Two weeks later, he was dead. He was a casualty nearly forty years late; the war that haunted his dreams for decades finally caught up with him. It didn’t have to be that way, though. I’m still pretty mad about that.

He was the fourth of my brothers to be drafted into a war notorious for its muddled mismanagement and its human wreckage. The United States government took my brothers and sent them back to us in pieces held together by their skin. One of them has a hat that says, “We, the unwilling, did the impossible for the ungrateful.”

We have no right to send our brothers and sisters off to do our collective dirty work for any but the most carefully considered reasons, and the highest purpose. We need to make damn sure about that. And once they’ve gone and come back, we need to do right by them. Their broken bodies and broken lives are the true cost of war, and they should not bear the slightest fraction more than they have to.

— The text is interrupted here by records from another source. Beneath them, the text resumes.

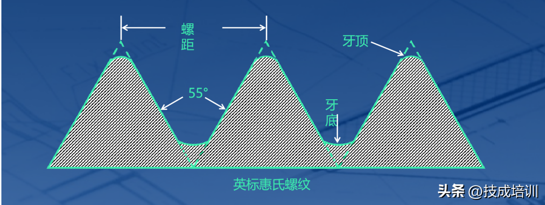 起源于英國,1841年英國公民約瑟夫·惠特沃斯發(fā)明這種螺紋,故此得名。這種螺紋的螺紋角度為55°,牙頂和牙底都是圓弧形,也被稱為B.S.W螺紋。
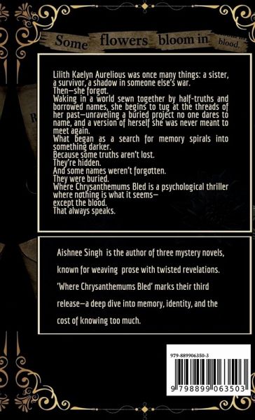 Lilith Kaelyn Aurelious remembers nothing from before-only the flowers. Chrysanthemums at every doorstep. At every kill. Her kill. Now, years later, as whispers of a forgotten past claw their way back, Lilith uncovers what they did to her. But memory has teeth. As truths unravel and names bleed into lies, Lilith finds herself facing the ones she once called family. Her brothers-one dead, one not. The girl who called herself a sister. The boy who watched her become myth. And the organization that puppeteered it all. When a single gunshot on Christmas Eve shatters everything she thought she knew, Lilith must decide: Is she still the dagger they forged? Or the serpent that strikes back? A psychological thriller tangled in betrayal, buried memories, and poetic vengeance-Where Chrysanthemums Bled is a story of rage dressed in velvet, of love that cuts, and of a girl who became the very monster they feared.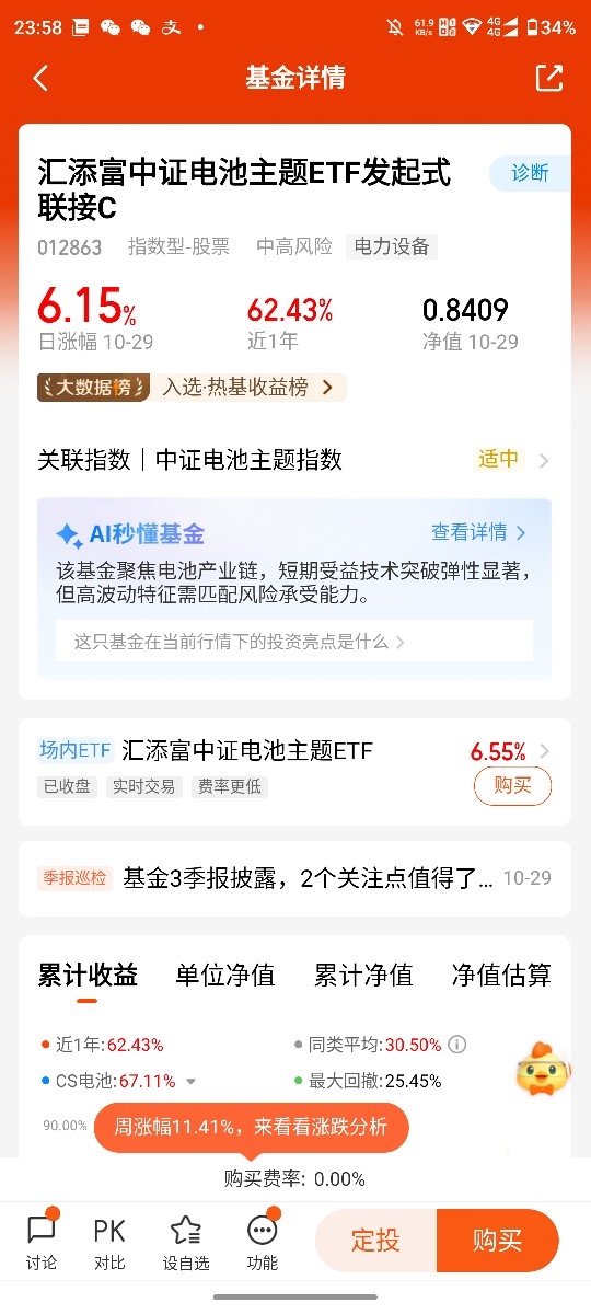 #汇财友道# #谁玩理财还内耗呢# $汇添富中证电池主题ETF发起式联接C$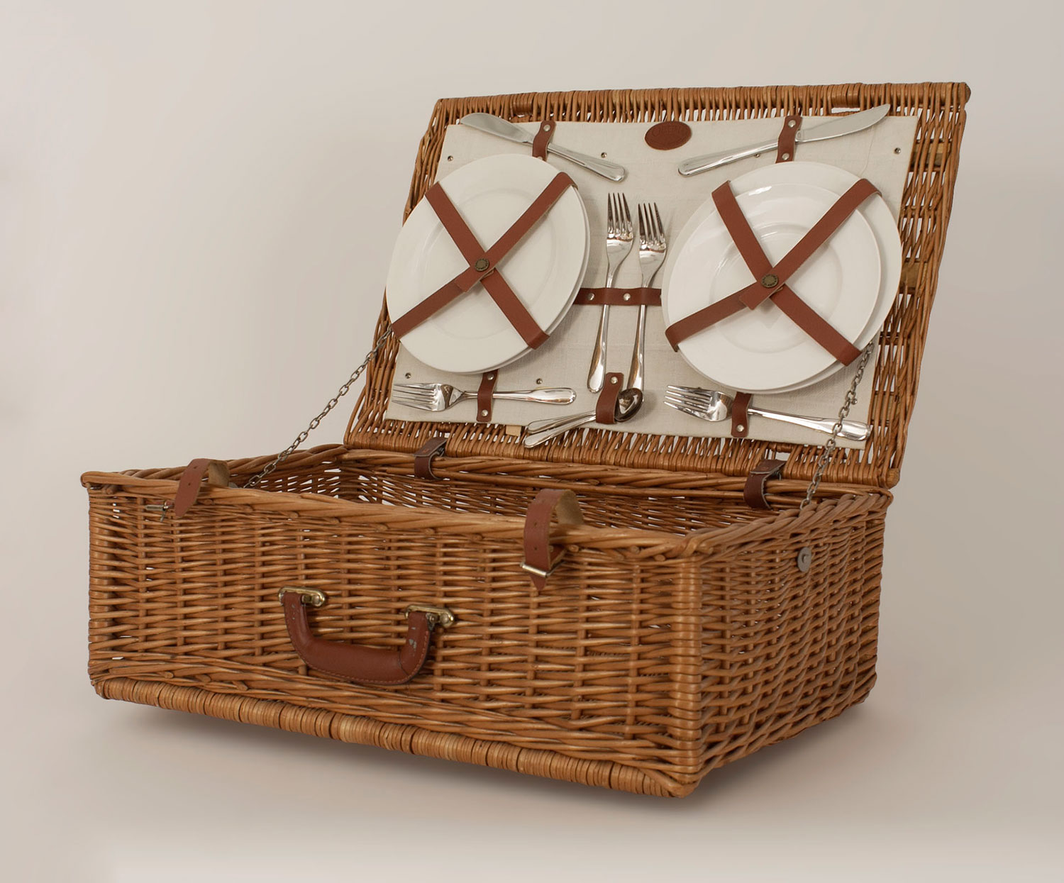 American Mid-Century natural wicker rectangular picnic basket with a brown leather handle and straps with a service setting interior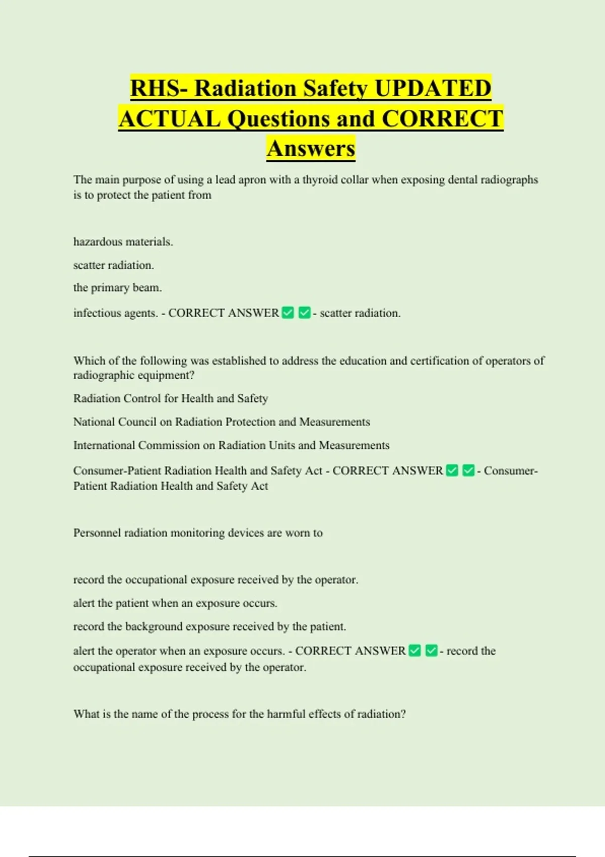 Consumer-Patient Radiation Health and Safety Act - CORRECT ANSWER - Consumer-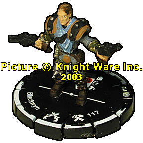 | NAME: Blackwyn RANK: Unique FRQ: 6 FACTION: Black Powder Revolutionaries SUB FACTION: Northlanders FIG#: 119 FIG COST: 117 SPEED TYPE: Boot ATTACK TYPE: Bow ATTACK BONUS: 0 DEFENSE TYPE: Shield DAMAGE TYPE: Starburst RANGE: 10 (2 Targets) RANGE DAMAGE: 3 FRONT ARC: 180 |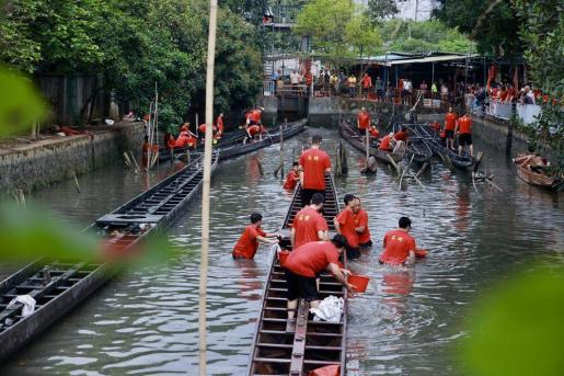 5月5日,广州市天河区石牌村的上百位“桡手”齐聚黄埔区双岗村。沉睡了一年的8条龙舟在百位“桡手”的合力下破水而出,鞭炮齐鸣,龙船鼓响。经过后续修缮,沉睡的“蛟龙”将恢复雄姿,龙首昂扬,只待端午竞渡时劈波斩浪。

My father was a combat engineer in World War II…one of the people whose cleverness and cool practical work under fire helped win the war. He used to volunteer to take out snipers on the side. When he returned, so he told me, people would ask him what it was like. He quickly learned that they didn’t really want to know. They didn’t want to hear about how, when he landed on Omaha Beach on D-Day, he had to walk carefully to avoid stepping on the bodies of his comrades.

If you want to honor veterans, listen to their stories…especially the ones that make you uncomfortable. Don’t make them carry that burden as well. Contribute to charities that make a real difference in their lives, and pay attention when politicians vote to take away their benefits. Talk less, do more, listen more.